Anyway, there’s room for a serious-minded thriller here and that’s more or less what Roger Crane has delivered. If his Last Confession isn’t as weighty or exciting as he’d presumably hoped, at least it owes nothing to the Dan Brown school of theology. It’s a reasonably responsible, moderately absorbing play stylistically indebted to Peter Shaffer’s Amadeus. It even has a former Salieri in the lead: David Suchet, giving a performance of such intelligence and calm strength that I can’t understand why he still awaits his knighthood.
Suchet is Cardinal Benelli, the pope-maker who ensured that the improbable Albino Luciani and then the unexpected Karol Wojtyla got the Church’s top job. The idea is that Benelli is making a last-gasp confession in which his joint self-accusations are that he didn’t give John Paul I the support he needed to fight a hostile Curia and that, because of his own ambitions, he dropped his insistence on an investigation into the man’s death. So David Jones’s production is a prolonged flashback, with Benelli and his papal protégé, Richard O’Callaghan’s Luciani, in conflict with reactionary cardinals such as Charles Kay’s supercilious Felici and Bernard Lloyd’s arrogant Villot.

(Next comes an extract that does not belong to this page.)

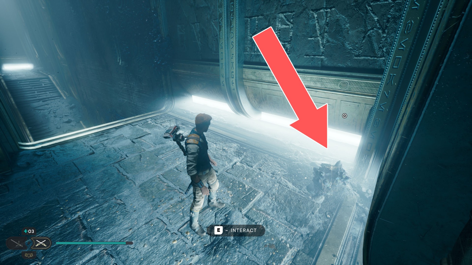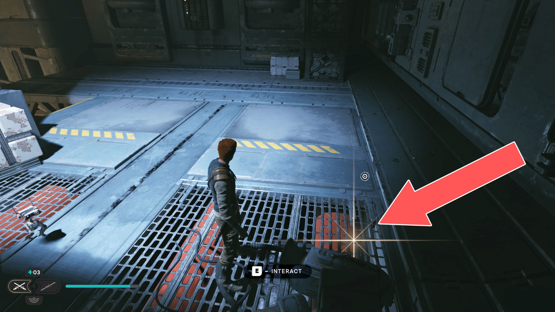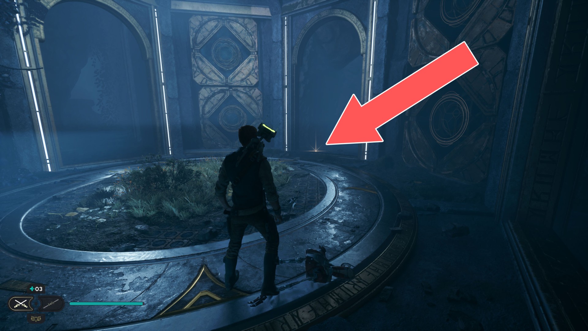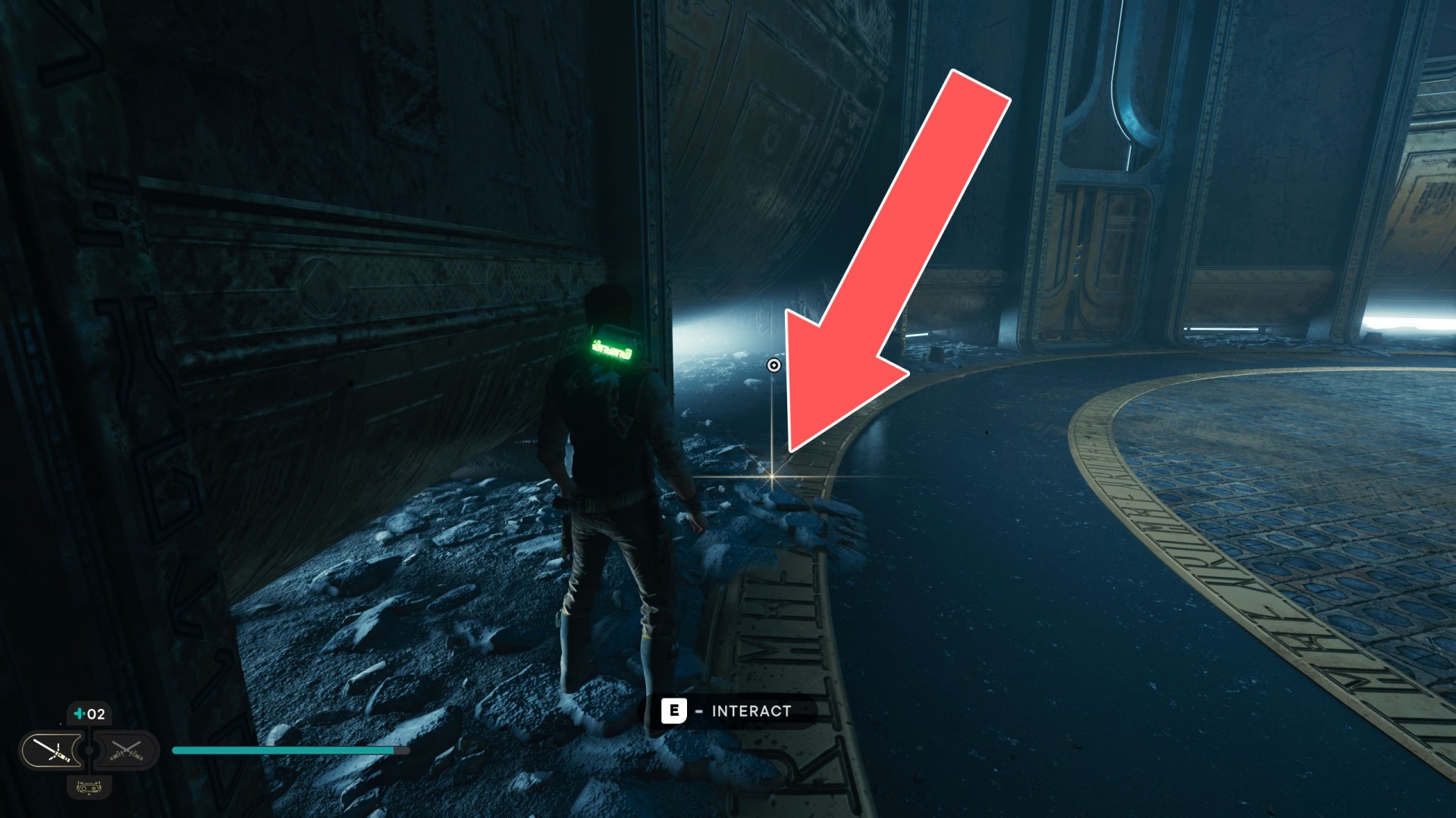 Show the mapDatadisc. It's stuck to the bottom of the sliding wall. Very difficult to collect so you will probably fall down after collecting it ;-)

All these men existed, though nobody can be sure that Luciani was preparing to permit birth control or that Felici, Villot and others were quite so determined to reverse John XXIII’s reforms. One trouble with the play is that, like many in which real-life figures appear, it claims authority for what is largely speculation. Another is that with Vatican smalltalk becoming Vatican bigtalk you get the impression that red hats prowl about swapping obiter dicta like “Where is the line between divine providence and human intervention?” and “Be careful of power, your punishment may be finding it”.
The dialogue can get clunky. The issues, mainly involving discipline, power and the extent to which an Eternal Church can and should change, can get laboured. And the doubts supposedly whirring within Benelli are too perfunctorily treated. But if O’Callaghan’s search for sweetness occasionally leads him to simper, he still leaves us feeling that John Paul I was a humble, gentle soul with a deep faith, a love of people and a hatred of pomp and rigid rules: which may be why, like Christ, he had to die.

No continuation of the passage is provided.